For this exercise, repeat exactly the lines below starting at the line holding "zoccolatura retroilluminata opzionale" and ending at the line holding "छात्रों से मुखातिब", both included, with no extra lines and no pictures.

▬▬▬▬▬▬

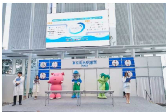
東京 WONDER 下水道
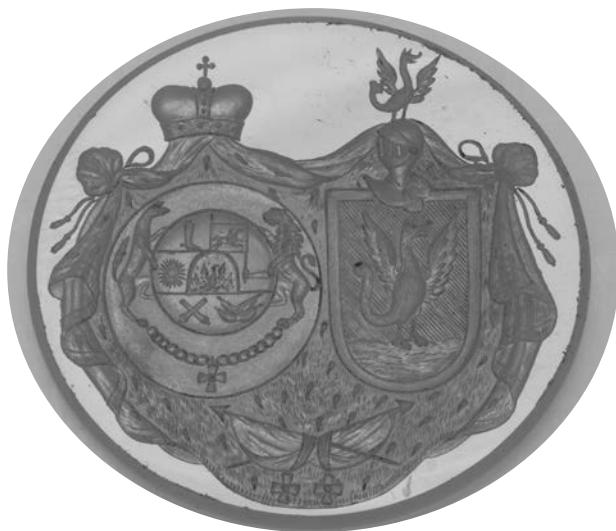
Ил. 27. Печать с соединенными гербами графа Симонича и княжны Амилахваровой. Халцедон. 3,2 × 3,5 см. Инв. № И11692. Государственный Эрмитаж
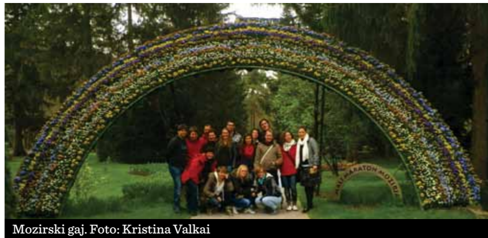
Mozirski gaj.
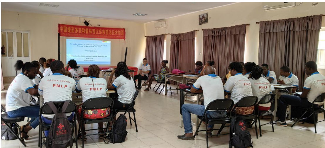
中国援圣普抗疟组为当地团队进行疟疾防控培训
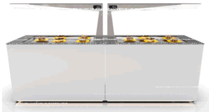
zoccolatura retroilluminata opzionale per dare un tocco ulteriore di design
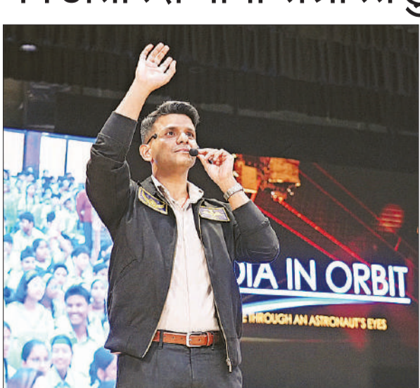
छात्रों से मुखातिब अंतरिक्ष यात्री शुभांशु शुक्ला ।

अमृत विचार: अंतरिक्ष यात्री शुभांशु शुक्ला एक बार फिर अपने स्कूल सिटी मोन्टेसरी स्कूल में पधारे और इंटरनेशनल डे ऑफ ह्यूमन स्पेस फ्लाइट के उपलक्ष्य में 'स्पेस फेस्टिवल-2026' के अन्तर्गत हजारों छात्रों से संवाद किया। इस अवसर पर शुभांशु शुक्ला को 'अशोक चक्र' अर्जित करने हेतु विशेष रूबरू से सम्मानित किया गया। इस अवसर पर सभी 22 कैम्पसों के छात्रों से प्रत्यक्ष एवं ऑनलाइन संवाद करते हुए शुभांशु शुक्ला ने अपने स्कूली दिनों को याद किया। इसके उपरान्त शुभांशु शुक्ला ने अपनी हालिया अंतरिक्ष यात्रा के अनुभवों को साझा करते हुए पॉवर प्वाइन्ट प्रजेंटेशन के माध्यम से छात्रों को अंतरिक्ष यात्रा के दौरान आने वाली चुनौतियों एवं अन्तराष्ट्रीय स्पेस स्टेशन में रहने के अनुभवों को विस्तार से बताया।
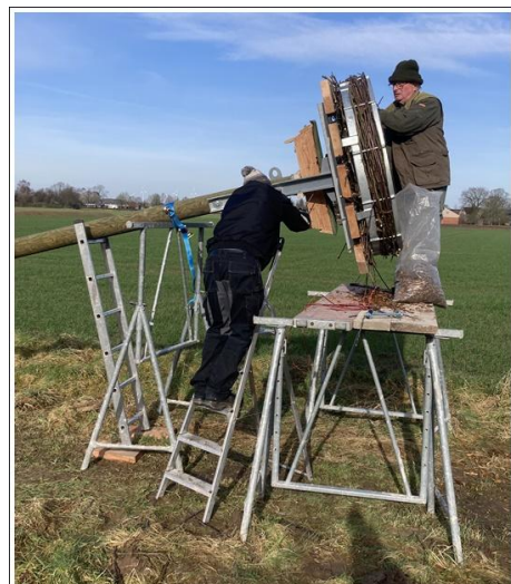
letzte Arbeiten in Bodennähe am Storchennest und MS Doppelkasten

▬▬▬▬▬▬

# ANSWER AREA
zoccolatura retroilluminata opzionale per dare un tocco ulteriore di design
छात्रों से मुखातिब अंतरिक्ष यात्री शुभांशु शुक्ला ।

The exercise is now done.